0

I have two files. File A contains 1 million records. File B contains approximately 2,000 strings, each on a separate line.

I have a Python script that takes each string in File B in turn and searches for a match in File A. The Logic is as follows:

For string in File B:
    For record in File A:
         if record contains string: # I use regex for this
            write record to a separate file

This is currently running as a single thread of execution and takes a few hours to complete.

I’d like to implement concurrency to speed up this script. What is the best way to approach it? I have looked into multi-threading but my scenario doesn’t seem to represent the producer-consumer problem as my machine has an SSD and I/O is not an issue.
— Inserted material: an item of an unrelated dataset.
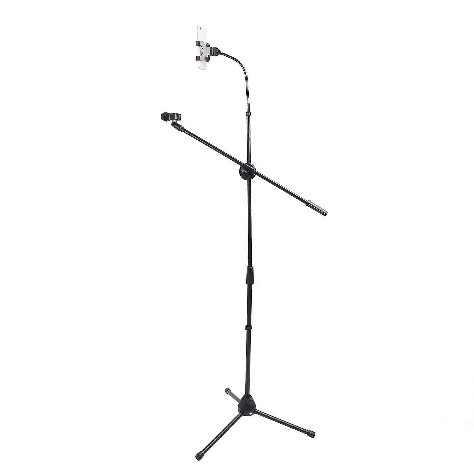 Floor Microphone Stand Height Adjustable Stable Multifunction Portable Boom Arm Mic Stand with Phone Tablet Clip Holder

Would multiprocessing help with this?

zan
  • 355
  • 6
  • 16
  • Maybe use a DB instead of files? DBs are made exactly for that purpose – kmaork Jan 20 '18 at 20:39
  • I'm not sure concurrency will improve this. Try changing the algorithm first. What about keeping all the file B strings in memory (read one time) and reverse the loops? – Keith Jan 20 '18 at 23:57

2 Answers2

0

Running such a problem with multi-threads poses a couple of challenges:

  • We have to run over all of the records in file A in order to get the algorithm done.
  • We have to synchronize the writing to the separate file, so we won't override the printed records.

I'd suggest:

  1. Assign a single thread just for printing - so your external file won't get messed up.
  2. Open as many threads as you can support (n), and give each of them different 1000000/n records to work on.
GalAbra
  • 5,048
  • 4
  • 23
  • 42
  • And make sure to use an OS that will cache the files (e.g. Linux). That'll eliminate repeated HDD/SSD transactions. SSDs are fast, but they're no where near as fast as your machine's RAM. With enough RAM spare there's a good chance that all of A (and less importantly B) would effectively be held in RAM. – bazza Jan 20 '18 at 21:07
  • 1
    @GelAbra - I'll give that a try and will let you know how it goes – zan Jan 20 '18 at 21:44
  • @bazza - good point. I have a beefy machine that can comfortably handle 1GB files in memory. I'll read the file into mem first, and then start the processing. – zan Jan 20 '18 at 21:44
  • 1
    @zan, you shouldn't have to read them in yourself; the operating system's own file system drivers should work out that the files are worth caching. Same result, less code! Good luck – bazza Jan 20 '18 at 22:39
0

The processing you want to do requires checking whether any of the 2_000 strings is in each of the 1_000_000 records—which amounts to 2_000_000_000 such "checks" total. There's no way around that. Your current logic with the nested for loops just that iterates over all the possible combinations of things in the two files—one-by-one—and does the checking (and output file writing).

You need to determine the way (if any) ahat this could be accomplished in concurrently. For example you could have "N" tasks each checking for one string in each of the million records. The outputs from all these tasks represent the desired output and would likely need to be at aggregated together into a single file. Since the results will be in relatively random order, you may also want to sort it.

martineau
  • 119,623
  • 25
  • 170
  • 301